> [Data items]

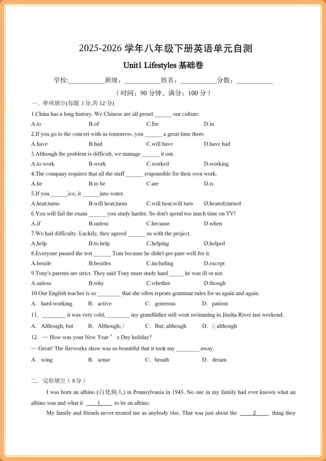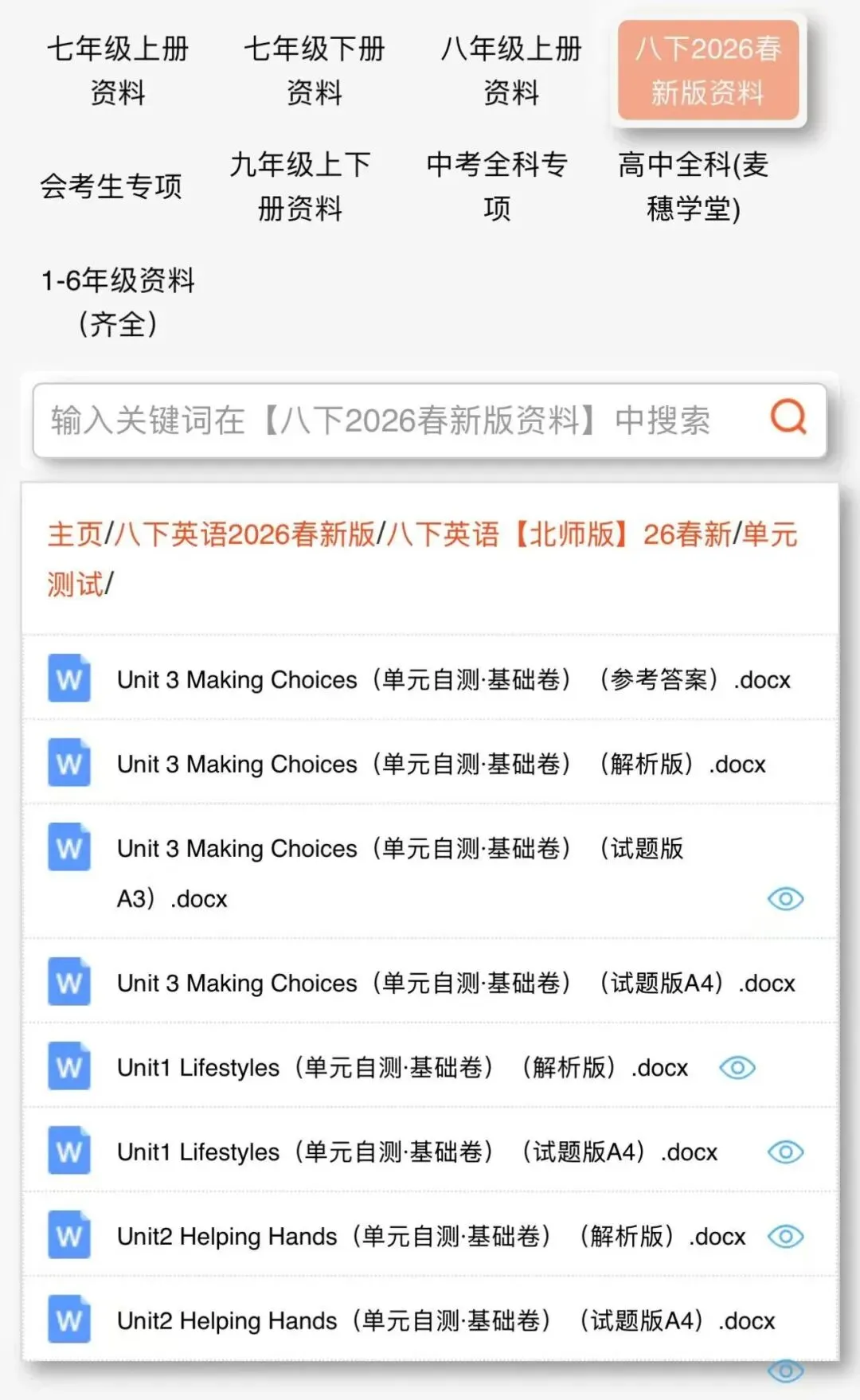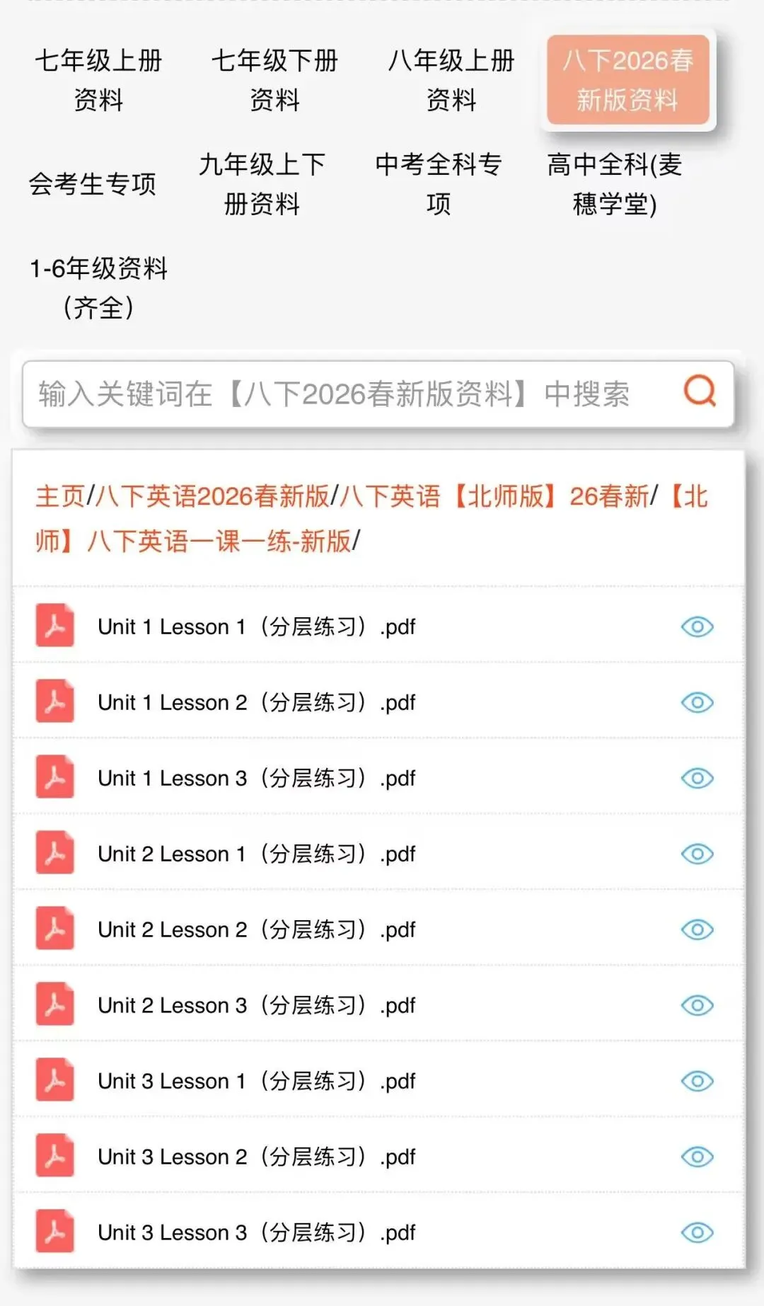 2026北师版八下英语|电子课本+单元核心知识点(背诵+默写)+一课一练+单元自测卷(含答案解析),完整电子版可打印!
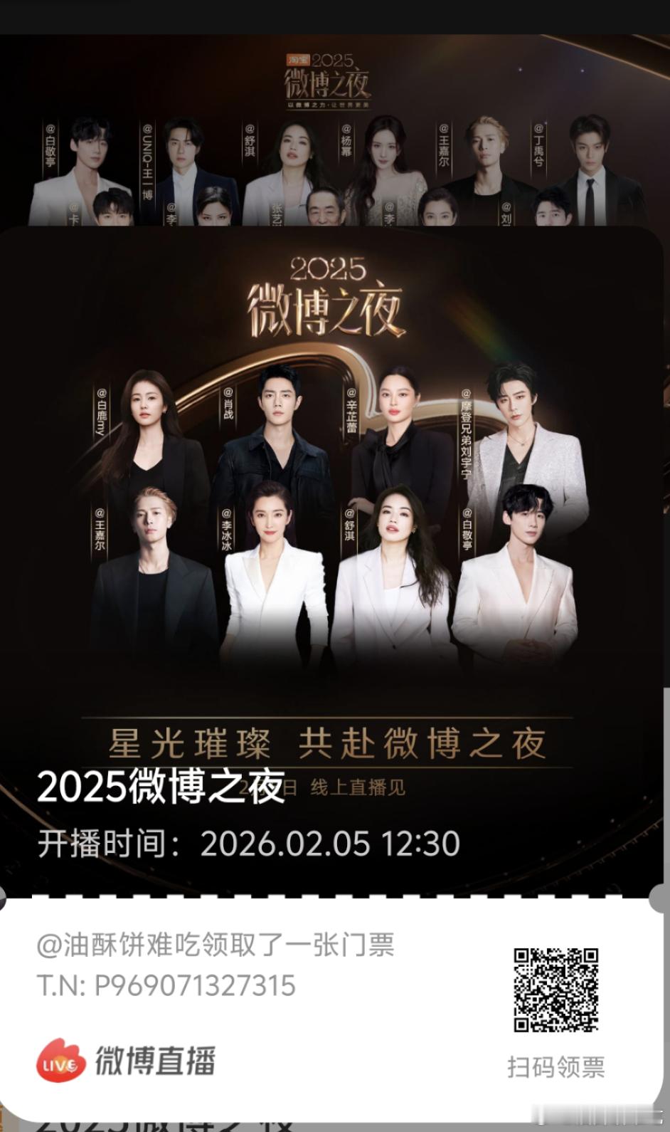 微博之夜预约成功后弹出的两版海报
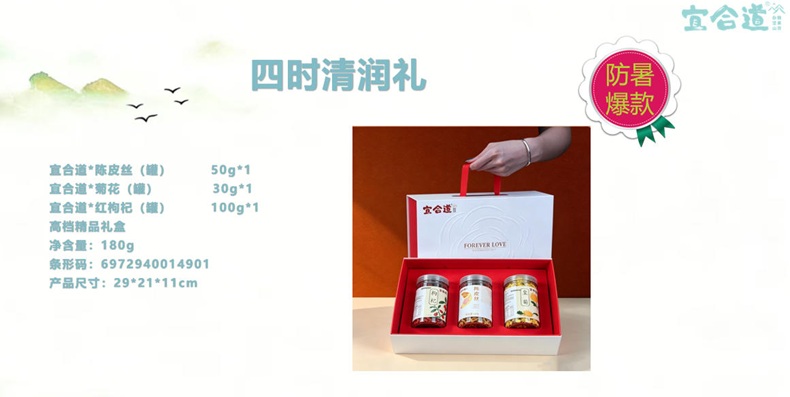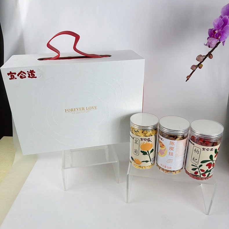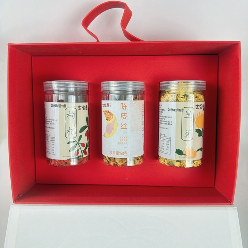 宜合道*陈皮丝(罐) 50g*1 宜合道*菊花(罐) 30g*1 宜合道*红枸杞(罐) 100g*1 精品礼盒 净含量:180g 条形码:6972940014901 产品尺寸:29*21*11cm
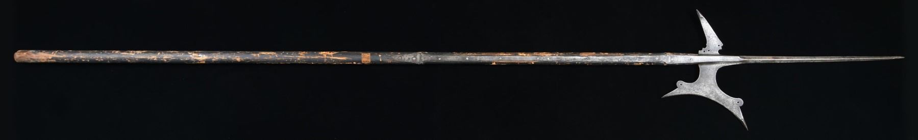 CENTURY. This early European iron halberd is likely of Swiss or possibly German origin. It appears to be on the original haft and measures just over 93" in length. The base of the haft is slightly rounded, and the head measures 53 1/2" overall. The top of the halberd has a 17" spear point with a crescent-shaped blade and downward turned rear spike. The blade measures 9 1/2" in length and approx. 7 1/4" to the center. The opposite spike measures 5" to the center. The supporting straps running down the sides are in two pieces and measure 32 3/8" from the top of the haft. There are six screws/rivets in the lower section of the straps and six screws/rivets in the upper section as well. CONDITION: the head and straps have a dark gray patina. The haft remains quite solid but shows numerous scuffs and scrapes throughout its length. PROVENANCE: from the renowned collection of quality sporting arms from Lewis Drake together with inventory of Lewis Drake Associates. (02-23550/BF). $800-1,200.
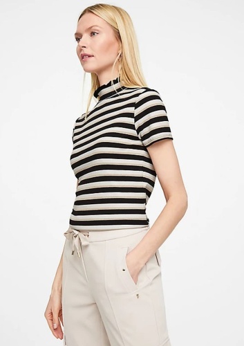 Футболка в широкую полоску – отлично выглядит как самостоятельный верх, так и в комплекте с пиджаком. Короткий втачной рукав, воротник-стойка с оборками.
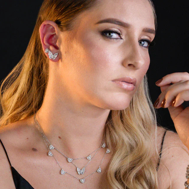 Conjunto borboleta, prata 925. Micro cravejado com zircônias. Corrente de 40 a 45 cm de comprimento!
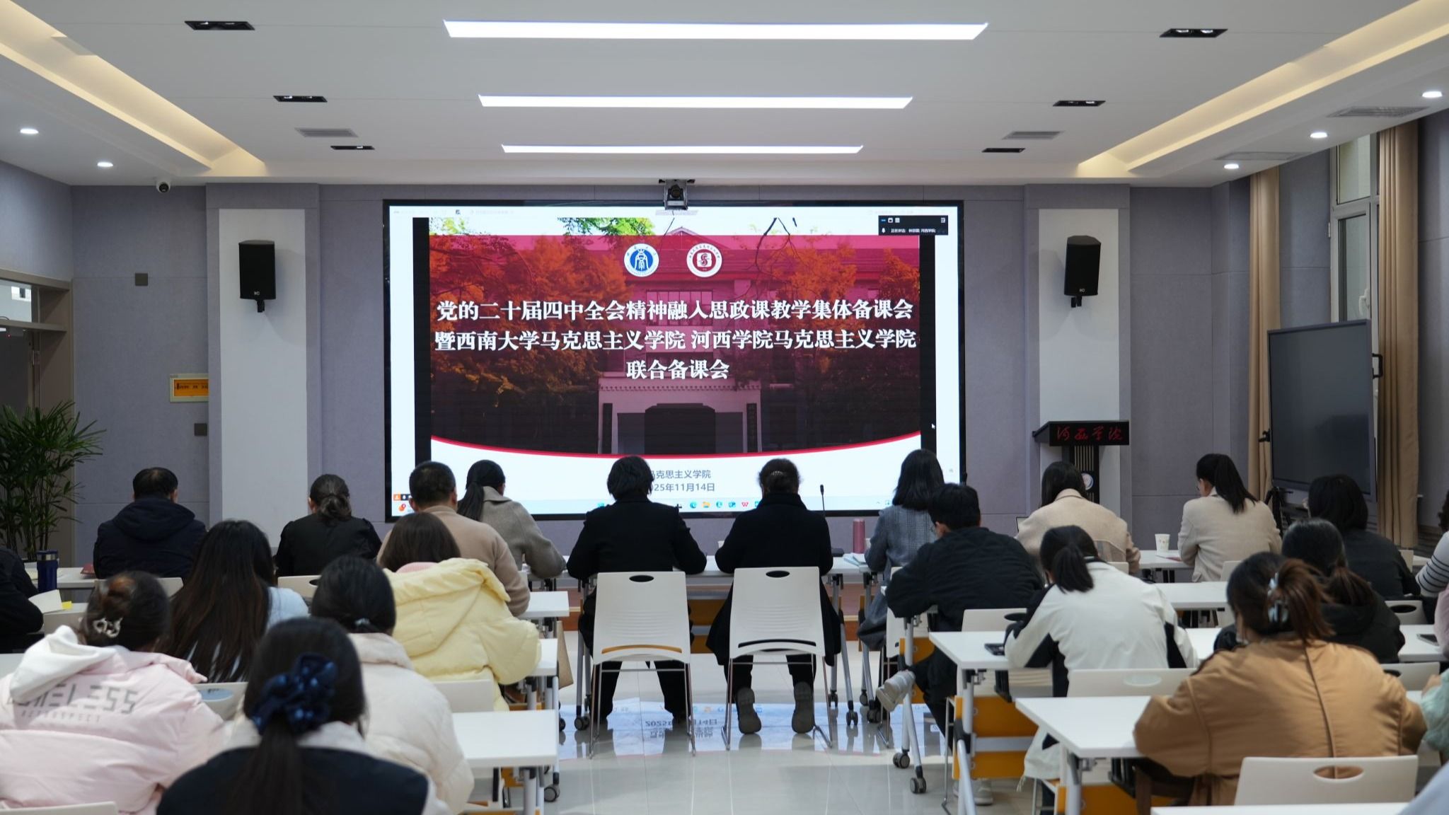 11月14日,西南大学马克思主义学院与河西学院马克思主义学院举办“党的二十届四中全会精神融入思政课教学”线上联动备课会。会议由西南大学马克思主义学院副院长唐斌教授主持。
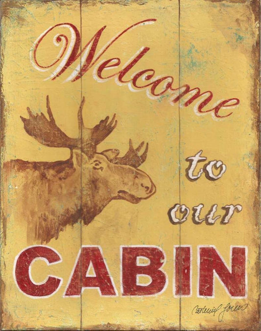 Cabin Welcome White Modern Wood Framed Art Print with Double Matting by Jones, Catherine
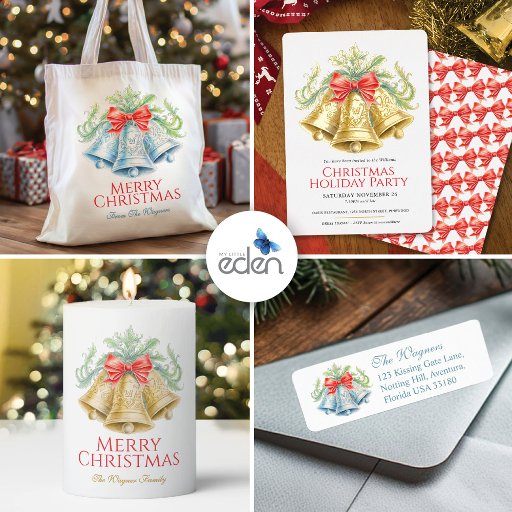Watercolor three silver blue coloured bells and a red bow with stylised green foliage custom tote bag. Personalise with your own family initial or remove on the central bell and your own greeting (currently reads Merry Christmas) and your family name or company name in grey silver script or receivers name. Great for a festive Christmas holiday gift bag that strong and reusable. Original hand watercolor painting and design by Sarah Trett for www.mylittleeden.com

> [WHAT THE TASK REQUIRES] The entries above should be given again exactly, minus any pictures.

> [SOLUTION TO THIS TASK]
 2026北师版八下英语|电子课本+单元核心知识点(背诵+默写)+一课一练+单元自测卷(含答案解析),完整电子版可打印!
 微博之夜预约成功后弹出的两版海报
 宜合道*陈皮丝(罐) 50g*1 宜合道*菊花(罐) 30g*1 宜合道*红枸杞(罐) 100g*1 精品礼盒 净含量:180g 条形码:6972940014901 产品尺寸:29*21*11cm
 CENTURY. This early European iron halberd is likely of Swiss or possibly German origin. It appears to be on the original haft and measures just over 93" in length. The base of the haft is slightly rounded, and the head measures 53 1/2" overall. The top of the halberd has a 17" spear point with a crescent-shaped blade and downward turned rear spike. The blade measures 9 1/2" in length and approx. 7 1/4" to the center. The opposite spike measures 5" to the center. The supporting straps running down the sides are in two pieces and measure 32 3/8" from the top of the haft. There are six screws/rivets in the lower section of the straps and six screws/rivets in the upper section as well. CONDITION: the head and straps have a dark gray patina. The haft remains quite solid but shows numerous scuffs and scrapes throughout its length. PROVENANCE: from the renowned collection of quality sporting arms from Lewis Drake together with inventory of Lewis Drake Associates. (02-23550/BF). $800-1,200.
 Футболка в широкую полоску – отлично выглядит как самостоятельный верх, так и в комплекте с пиджаком. Короткий втачной рукав, воротник-стойка с оборками.
 Conjunto borboleta, prata 925. Micro cravejado com zircônias. Corrente de 40 a 45 cm de comprimento!
 11月14日,西南大学马克思主义学院与河西学院马克思主义学院举办“党的二十届四中全会精神融入思政课教学”线上联动备课会。会议由西南大学马克思主义学院副院长唐斌教授主持。
 Cabin Welcome White Modern Wood Framed Art Print with Double Matting by Jones, Catherine
Watercolor three silver blue coloured bells and a red bow with stylised green foliage custom tote bag. Personalise with your own family initial or remove on the central bell and your own greeting (currently reads Merry Christmas) and your family name or company name in grey silver script or receivers name. Great for a festive Christmas holiday gift bag that strong and reusable. Original hand watercolor painting and design by Sarah Trett for www.mylittleeden.com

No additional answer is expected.